Should you take more than one antidepressant?
Yes, occasionally.
Less than half of people with depression get better with the first medicine they try (SSRI, SNRI, etc).
Adding a different class of medicine may work faster than switching, and it may also help treat other symptoms or health problems.
But there is no “best” next step because there are not enough facts.
Recommend CHANGING antidepressants if a patient does not respond to an optimized dose after 4 to 6 weeks, or if the drug is not well tolerated.
With a partial response, customize the options to AUGMENT based on side effects, interactions, etc.
Adding bupropion to an SSRI or SNRI is often suggested, especially if a patient is tired or has low sexual desire. But people who are agitated should not take bupropion because it wakes them up.
Adding mirtazapine to an SSRI or SNRI can be an option, especially for people who have trouble sleeping or do not have much of an appetite.

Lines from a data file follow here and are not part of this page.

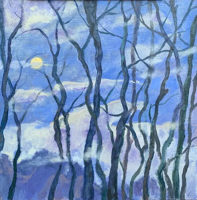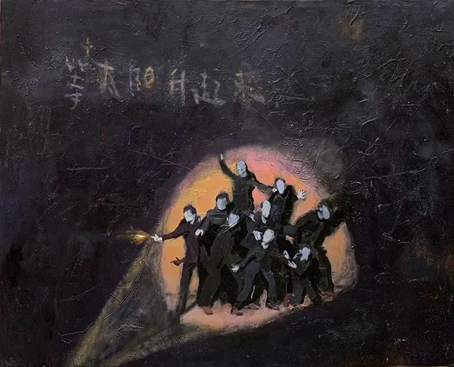《太阳照常升起》是徐浩洋的首次个展,题目来源于姜文的同名电影。姜文在电影中表达的是时代故事——“一代人来,一代人往,太阳照常升起。”虽然徐浩洋此次个展名字与影片相同,但是其中想要表达的,却有不同意味——尽管画面中的夜色荒诞离奇,充满迷幻色彩,但这一切在太阳升起之时都会尘埃落定,无论夜晚多么荒谬,太阳依旧会照常升起。在此次展览中,徐浩洋对太阳升起前的夜晚这一概念进行了具象解读,而不同尺幅的作品对此有不同的表达方式。在小尺幅作品中,画面通常是凝聚在夜晚的某一刻,让昏暗孤寂在夜晚沉淀得更加深邃。而在尺幅较大的作品中,一切离奇的事物在夜晚的画布上无言的涌出,由画面试图向更远的地方延伸,悄悄开出一朵怪诞的花。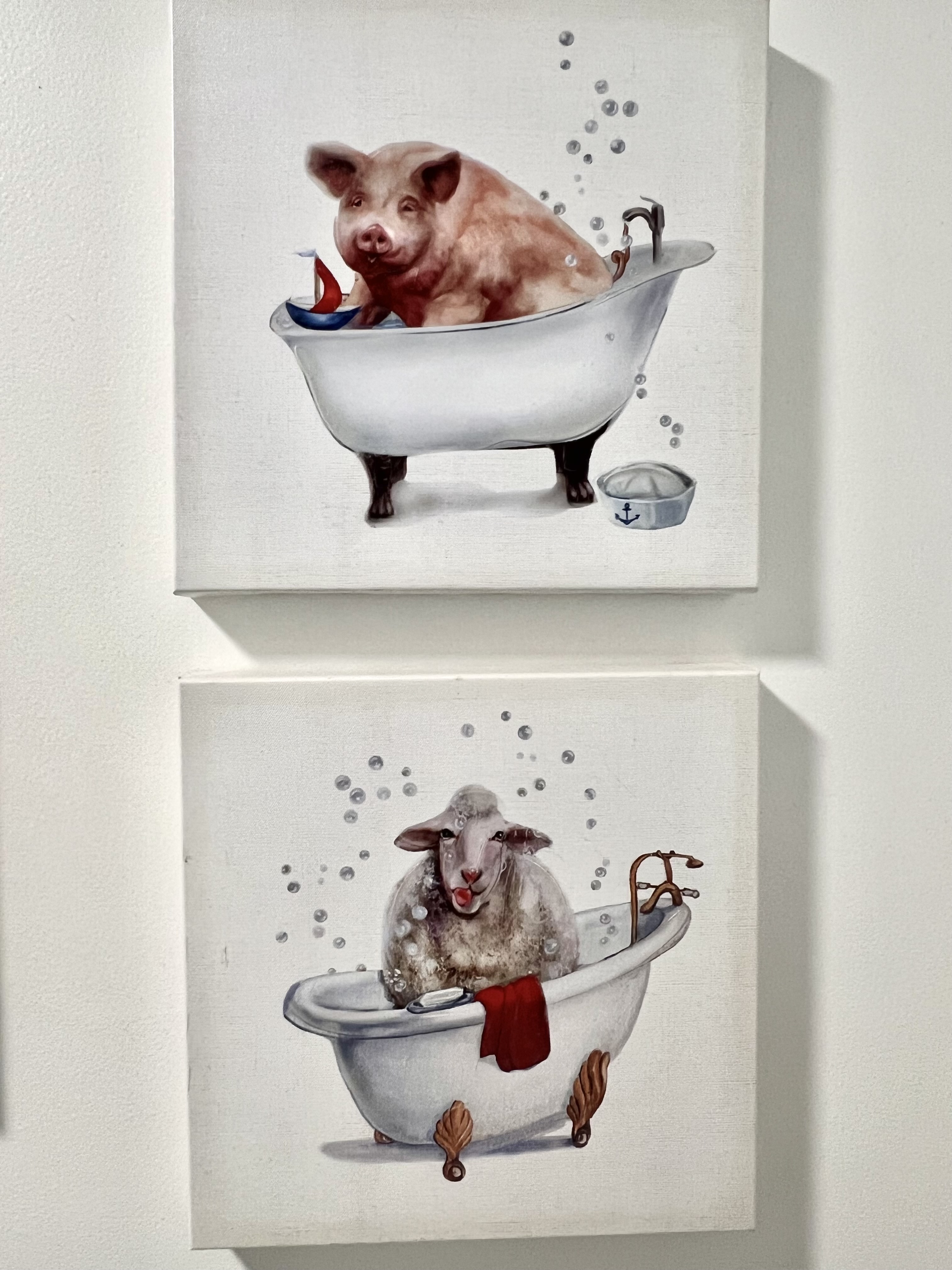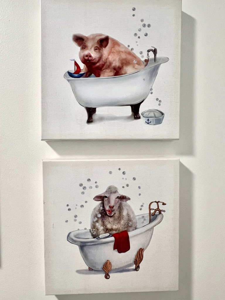 “So these two pictures hang in my bathroom..and this morning I am looking at them and I begin to think to myself how wonderful and righteous the Lord is to us..Amen..and I begin to think that even the pigs and the sheep they all get to be bathed in Gods love..Amen..that He accepts us all..the dirty..the clean..the in between..all of us He accepts to come and to be bathed in His love..in His mercy..and in His grace..Amen!”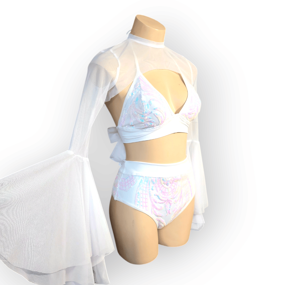 This super crop top features elongated bell sleeves that extend in the back for ultimate flow, giving you full movement without sacrificing the drama. Layer it or wear it bold—either way, you’re serving looks!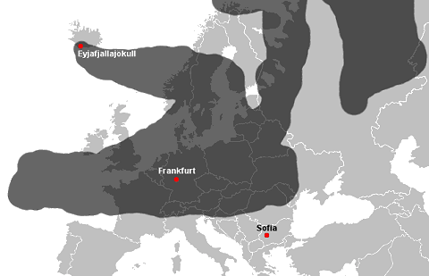 Genau um 13:05 Uhr (UTC+1) am 16. April sollten wir per Lufthansa LH 3484 von Frankfurt aus Sofia erreichen. Wir reisten aus Madrid an. Aufgrund eines Vulkanausbruchs wurden ab dem 16. April leider alle Flüge abgesagt, wie es in den meisten europäischen Städten der Fall ist. Daher können wir aus Gründen, die nicht unter unserer Kontrolle sind, Sofia nicht wie geplant am 16. April 2010 erreichen.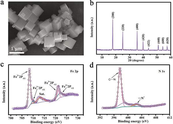 (c,d)HQ-NaFe的XPS谱图:(c)Fe 2p;(d)N 1s。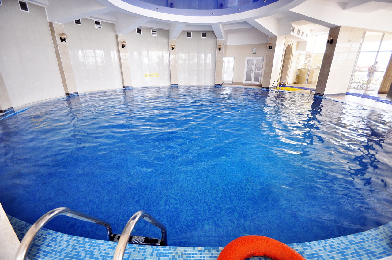 - крытый бассейн с пресной водой, диаметр - 12 м, глубина 1,5 м., расположен в корпусе Б; работает: с марта по июнь, с октября по декабрь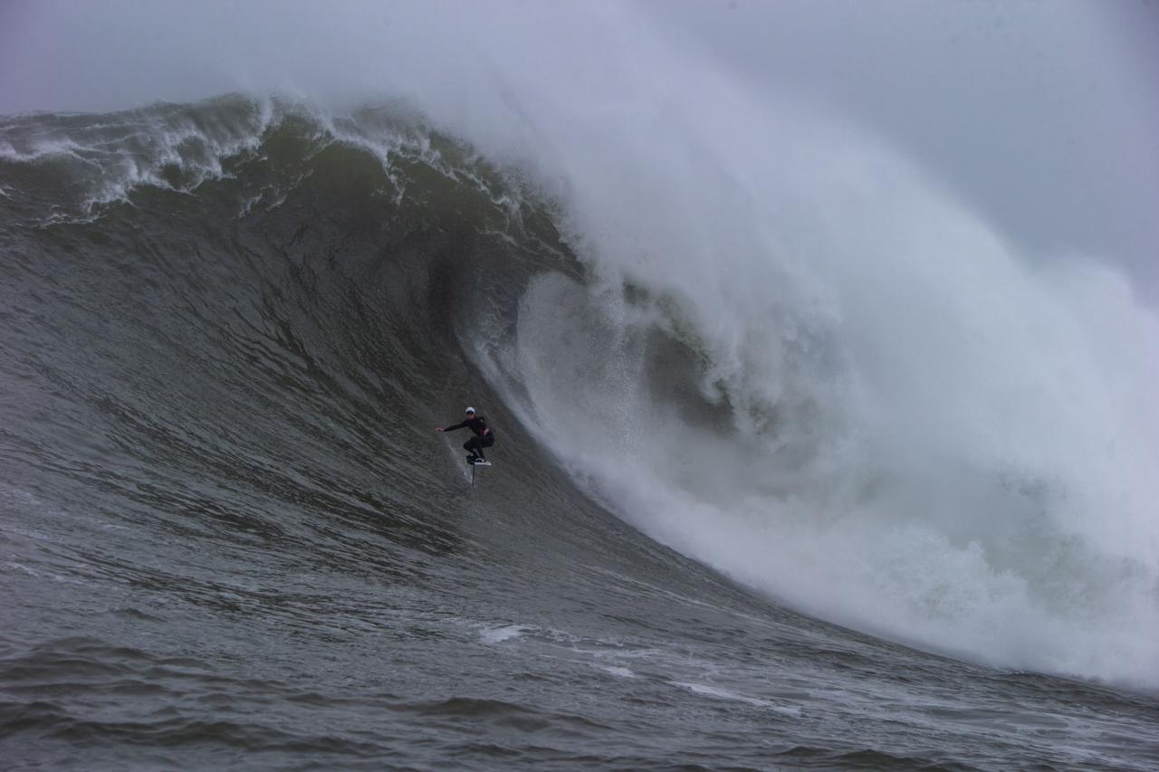 Matt Etxebarne foils a Mavericks monster seemingly unaware of the Goliath looming in his wake. Fred Pompermeyer

But stay away from mirtazapine if you do not want to gain weight.
Avoid a combination of an SSRI and SNRI. There are not much data, the benefit seems less likely because of the same mechanisms, and this combination may be riskier.
Consider adding low-dose trazodone for sleeplessness or a low-dose tricyclic for sleeplessness, headaches, or nerve pain. Low doses, on the other hand, are not likely to help depression.
If a patient takes more than one serotonergic drug, they should be told to report any symptoms of serotonin syndrome, such as sweating, tremors, etc. Most cases happen within a day or so of starting a new medicine or taking a higher dose of one.